For the approximately two-thirds of the population that does not have a college degree, an increasing number of men don't have the steady, adequate-paying jobs that allow them to provide the foundation for a successful family life. Nor are working class men who feel like failures in the job market prepared to play roles backing up their wives and children. College-educated artists or faculty spouses may be willing to dote on their children while their wives take on the "breadwinning" role, but less secure men are more likely to chafe at the domestic tasks. Financially independent women who both earn the bulk of the family income and assume the majority of the domestic tasks don't want -- or need -- men who are unable to support their families, emotionally or financially. While divorce rates plummeted in the '90s for college graduates, they continued to rise among the hard-pressed working class.
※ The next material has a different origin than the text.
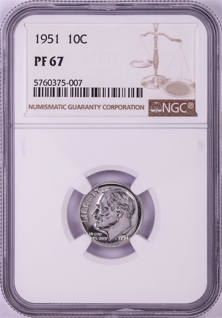One 1951 Proof Roosevelt Dime Coin NGC PF67. NGC Certified.

The secret underlying these patterns has been the growing divergence in male job opportunities and a change in the gendered wage gap. In 1990, all women, irrespective of education, made about the same percentage of the median hourly wage of the men, with college graduate women making a slightly higher percentage of the male wage than those who did not graduate from college. Today, those figures have changed appreciably. College graduate women are now paid a smaller percentage of the median hourly wage the men earn, while all other women are earning a higher percentage of male income. During the same period, male employment stability, which remained largely unchanged for college graduate men, and improved for most women, became notably worse for working class men...
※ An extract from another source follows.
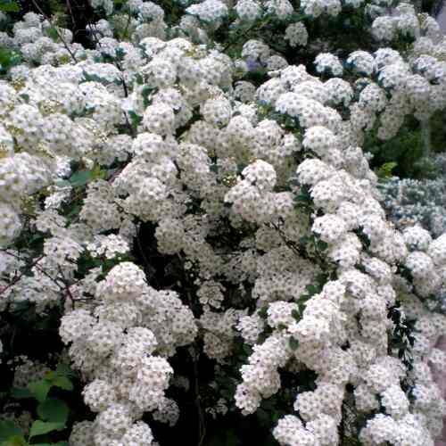 Цветение обычно начинается с середины мая или в начале летних месяцев. Продолжительность его составляет от двух до трех недель. Буйное цветение создает пышные белые шапки, из-за чего большинство побегов свисают, образуя дуги.
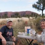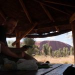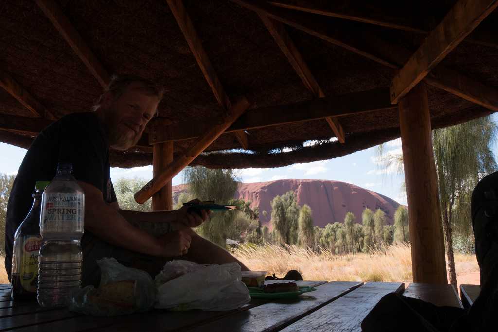Zur Mittagszeit essen wir unsere Mahlzeit mit direktem Blick auf den Uluru.

http://www.nextnewdeal.net/marrying-kind-how-class-shapes-our-search-soul-mate
Further developments in the ghettoization of the working class... now charles murray is extending his "black people are poor because they don't get married" to the white working class...
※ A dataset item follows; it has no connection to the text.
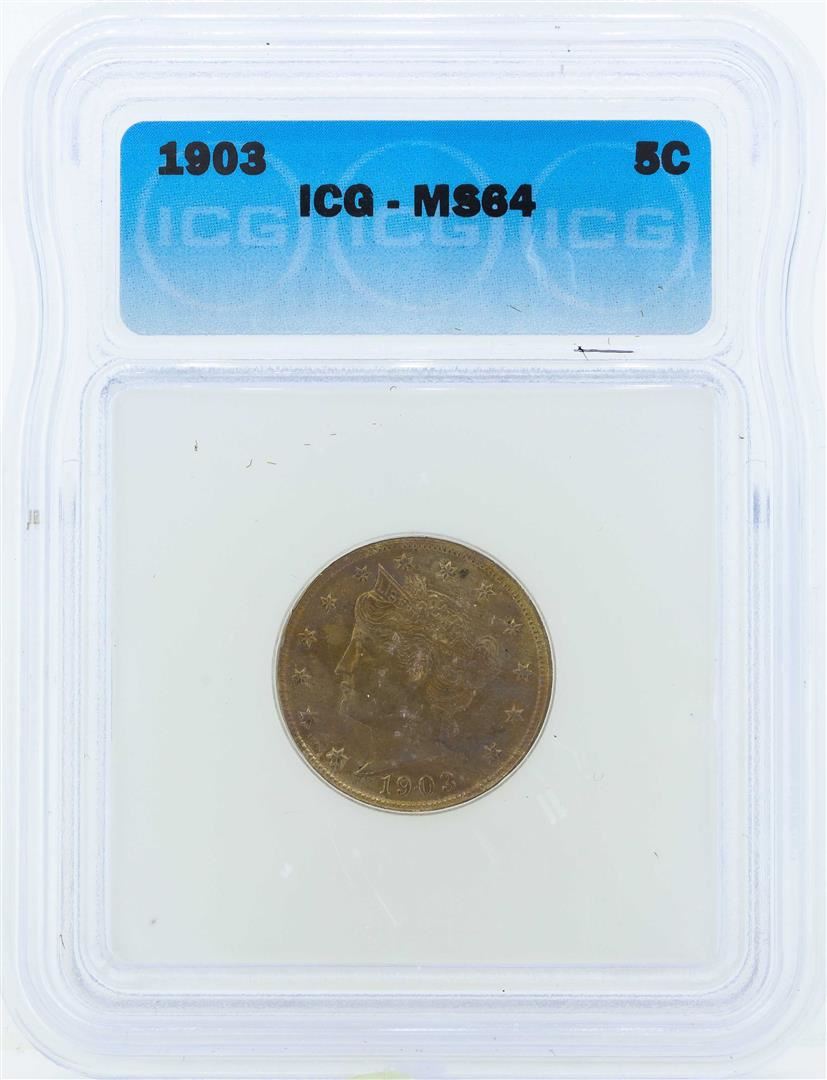 One 1903 Liberty Head Nickel Coin ICG MS64. ICG Certified.

Blame Marriage Rates on the Family Values of the 1%
Charles Murray is at it again. He burst onto the national scene in the '80s, announcing that he knew why the African-American non-marital birth rate had risen so dramatically: the government made them do it. He explained that welfare and a host of other liberal sins had weakened the moral fiber of the poor, producing disaster. It would take free market discipline to instill the right values once again. Now Murray is back with a new book and a long article in the Wall Street Journal attempting to explain income inequality among whites. His claim: working class whites have lost ground because they have abandoned a commitment to marriage, religion, and hard work. In his world, unemployment is high because those on the losing end of today's economy refuse to work, non-marital births occur because of a lack of emphasis on marriage, and the upper class can assist only by expressing its disapproval and "preaching what it practices" -- presumably investments in Ivy League education, parent-subsidized internships, and marriage between two investment bankers at 32...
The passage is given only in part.